### Exercise
Please repeat the whole listing exactly, but leave the pictures out.

Source data: Begin

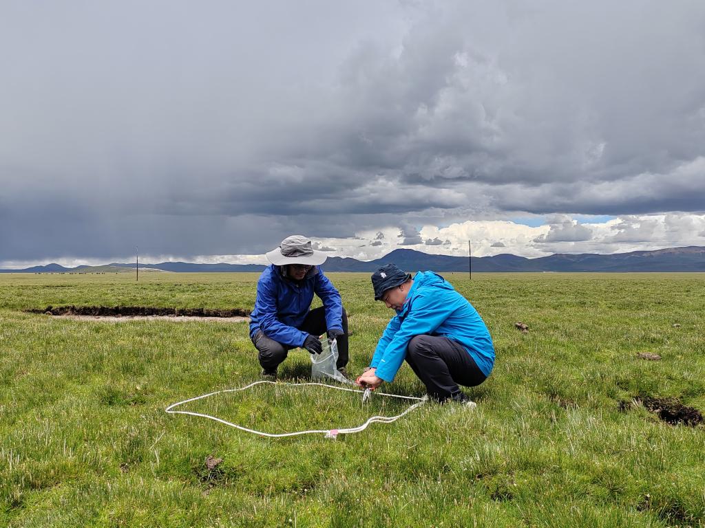 7月17日,科考隊(duì)員任斐鵬(右)和孫寶洋在觀測(cè)自然狀態(tài)下高寒草甸生態(tài)系統(tǒng)狀況。(受訪者供圖)
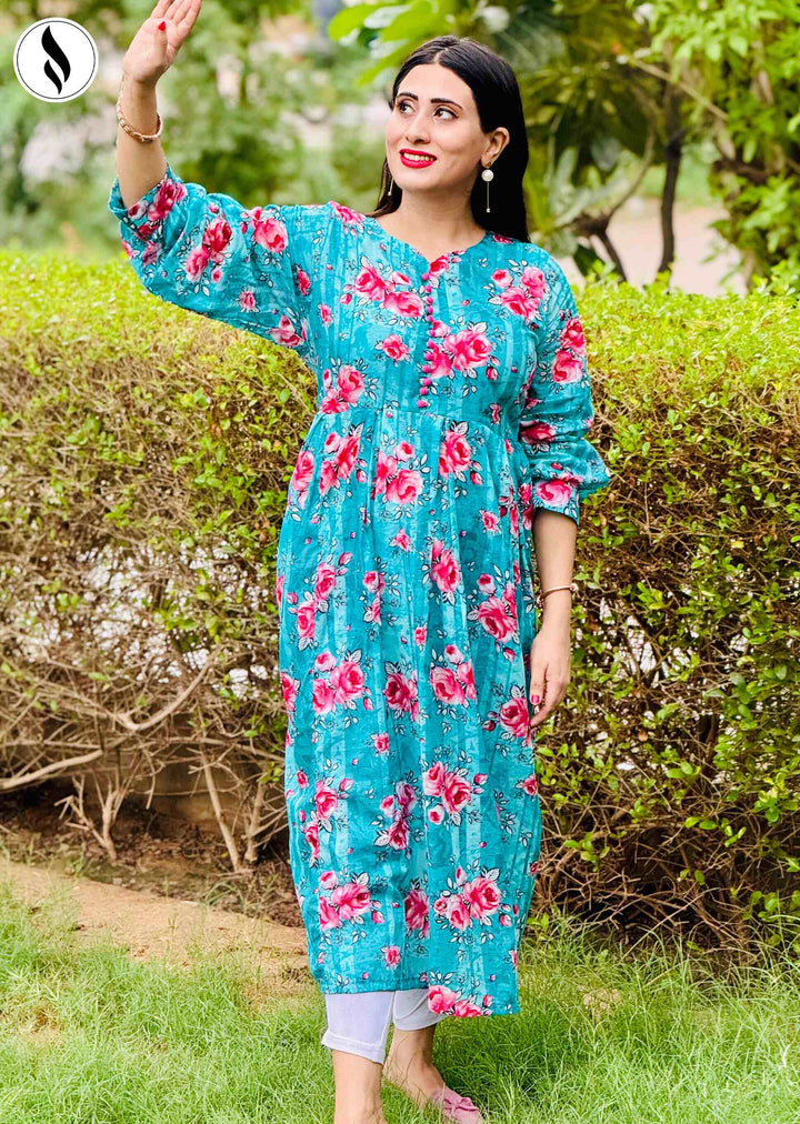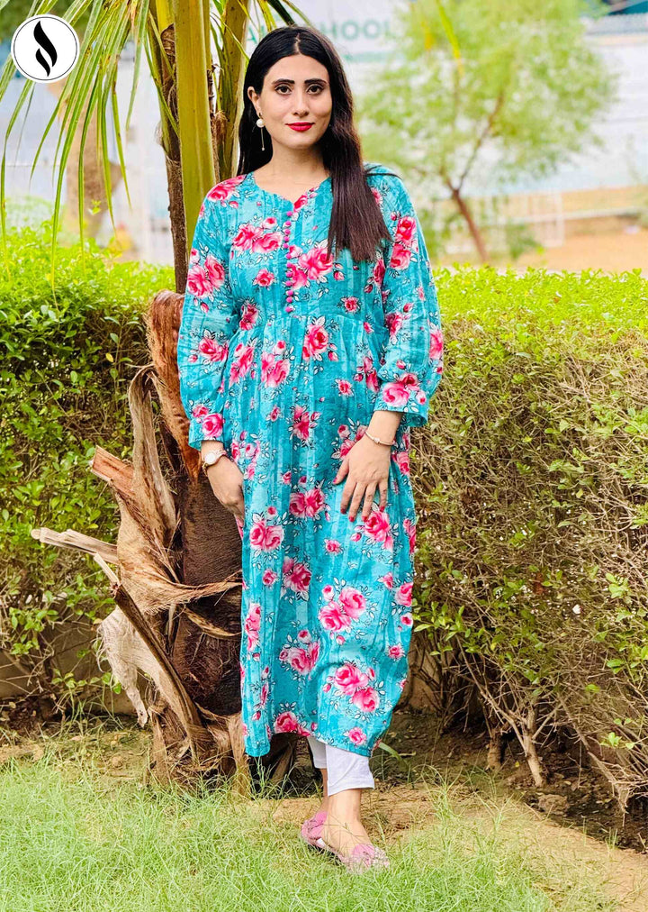 NZSC-620 Stitched 2 piece Seagreen With Rose Pattern Frock
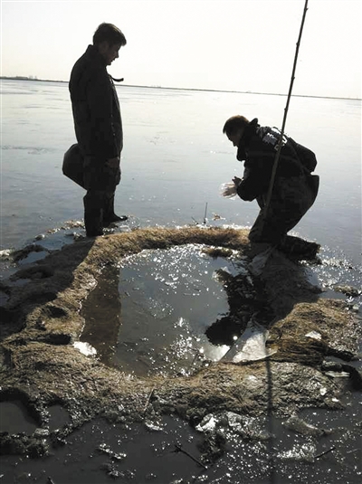 “毒池”位于北大港濕地保護(hù)區(qū)“萬畝魚塘”的中央地帶。在距濕地北岸約1公里處,警方發(fā)現(xiàn)了第一處毒池。在廣闊而平坦的水面上,這處長約1.5米,寬約1米的人造土坑十分顯眼。

Source data: End

### Reply
 7月17日,科考隊(duì)員任斐鵬(右)和孫寶洋在觀測(cè)自然狀態(tài)下高寒草甸生態(tài)系統(tǒng)狀況。(受訪者供圖)
 NZSC-620 Stitched 2 piece Seagreen With Rose Pattern Frock
 “毒池”位于北大港濕地保護(hù)區(qū)“萬畝魚塘”的中央地帶。在距濕地北岸約1公里處,警方發(fā)現(xiàn)了第一處毒池。在廣闊而平坦的水面上,這處長約1.5米,寬約1米的人造土坑十分顯眼。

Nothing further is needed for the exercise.